Python novice here.
I have a list of documents, and another list of search terms. I would now like to iterate over each document, and replace all occurrences of any of the search terms with something like <placeholder>
. It should, however, only match full words, so text.replace
probably does not work?
So, something like this:
document_list = ['I like apples', 'I like bananas', 'I like apples and bananas and pineapples', 'I like oranges, but not blood oranges.']
search_list = ['apples', 'bananas', 'blood oranges']
Out: ['I like <placeholder>', 'I like <placeholder>', 'I like <placeholder> and <placeholder> and pineapples', 'I like oranges, but not <placeholder>.']
Right now, I have something like
for document in document_list:
for term in search_list:
document = re.sub(r'\b{}\b'.format(term),'<placeholder>',document)

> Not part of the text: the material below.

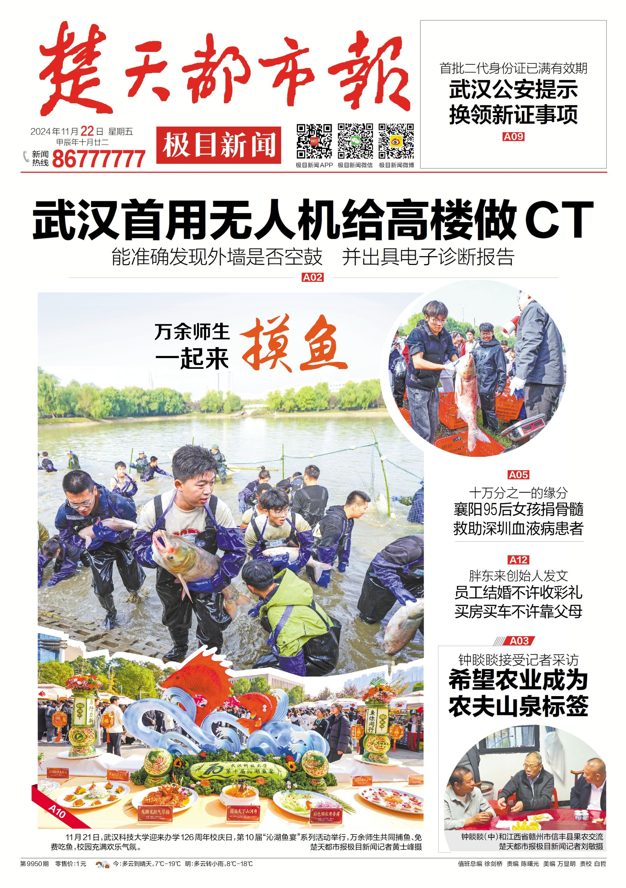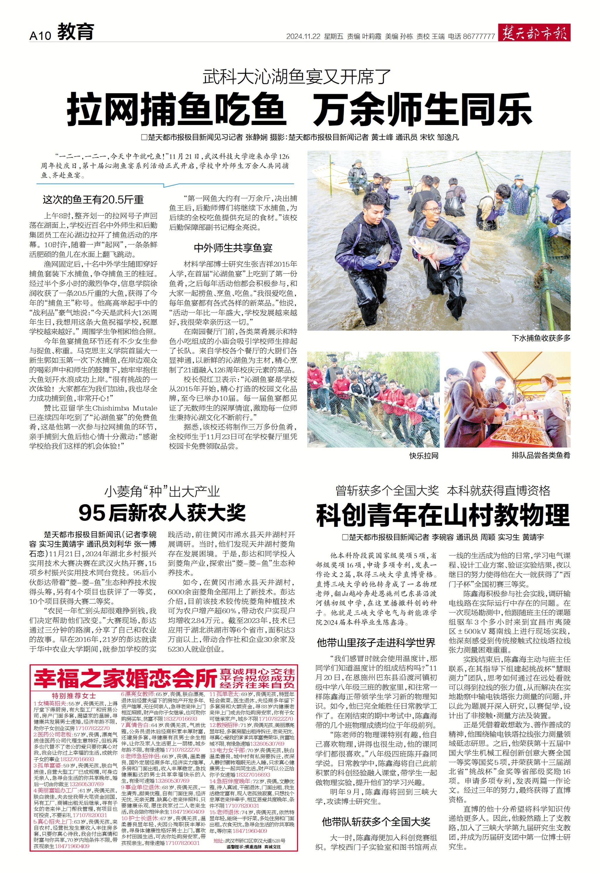 11月21日,365完美体育迎来办学126周年校庆日,第10届“沁湖鱼宴”系列活动举行,万余师生共同捕鱼、免费吃鱼,校园充满欢乐气氛。楚天都市报极目新闻记者黄士峰摄

This seems to work, but is really (and I mean really) slow.If I were to run this on my full dataset of ~10k documents, with a search_list of probably ~5k terms, it would take several days to finish. Is there any better way to approach this problem and make it faster?
Thanks a lot in advance!
Edit1: Maybe it's worth mentioning that the terms in search_list
can also consist of multiple words. Edited the example accordingly.
Edit2: Thanks for pointing to the other thread, had not found that one before. Sorry about that. As mentioned below, I'd still be curious to hear other, non-regex solutions just to learn about them. The actual problem has been soved through the other thread, though. =)